● YOUR TASK:
What is needed is an exact reproduction of the lines in the records below, starting at the line with "Les chiens vivent" and ending at the line with "近日,支付寶開放平臺(tái", both included, and nothing else; pictures stay out.
[[ RECORDS open ]]
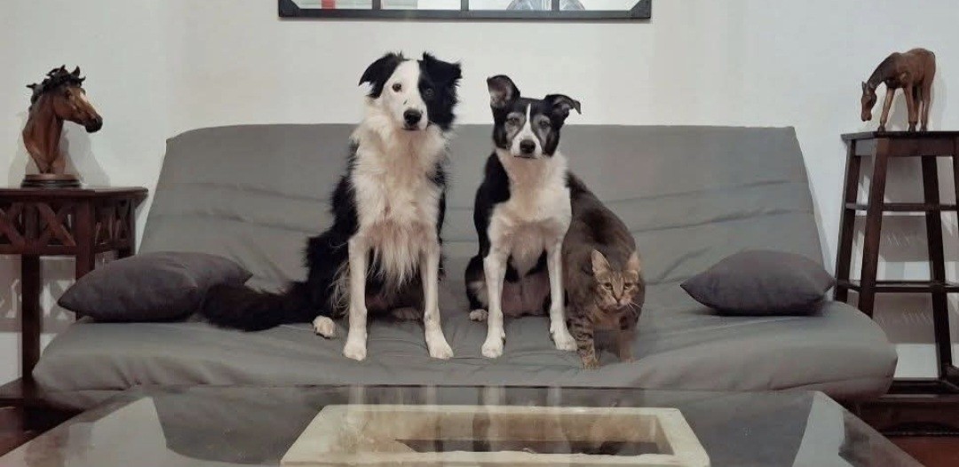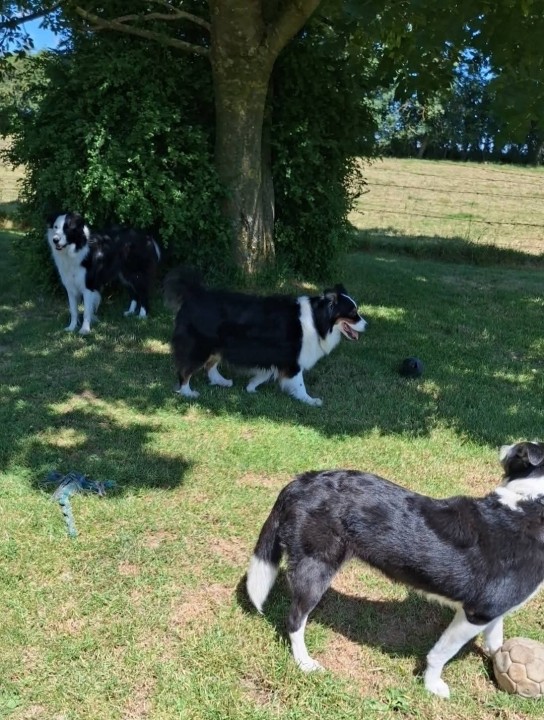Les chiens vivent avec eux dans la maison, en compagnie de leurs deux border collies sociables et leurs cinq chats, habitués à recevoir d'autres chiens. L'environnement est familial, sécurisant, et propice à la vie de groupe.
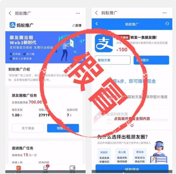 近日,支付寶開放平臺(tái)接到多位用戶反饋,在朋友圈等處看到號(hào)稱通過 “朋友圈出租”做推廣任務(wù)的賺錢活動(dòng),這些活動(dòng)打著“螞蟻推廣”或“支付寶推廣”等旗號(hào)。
[[ RECORDS closed ]]
[[ RECORDS open ]]
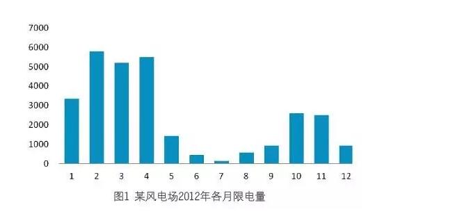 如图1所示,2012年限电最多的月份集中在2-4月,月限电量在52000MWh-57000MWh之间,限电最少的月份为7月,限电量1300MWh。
[[ RECORDS closed ]]
● PROBLEM SOLUTION:
Les chiens vivent avec eux dans la maison, en compagnie de leurs deux border collies sociables et leurs cinq chats, habitués à recevoir d'autres chiens. L'environnement est familial, sécurisant, et propice à la vie de groupe.
 近日,支付寶開放平臺(tái)接到多位用戶反饋,在朋友圈等處看到號(hào)稱通過 “朋友圈出租”做推廣任務(wù)的賺錢活動(dòng),這些活動(dòng)打著“螞蟻推廣”或“支付寶推廣”等旗號(hào)。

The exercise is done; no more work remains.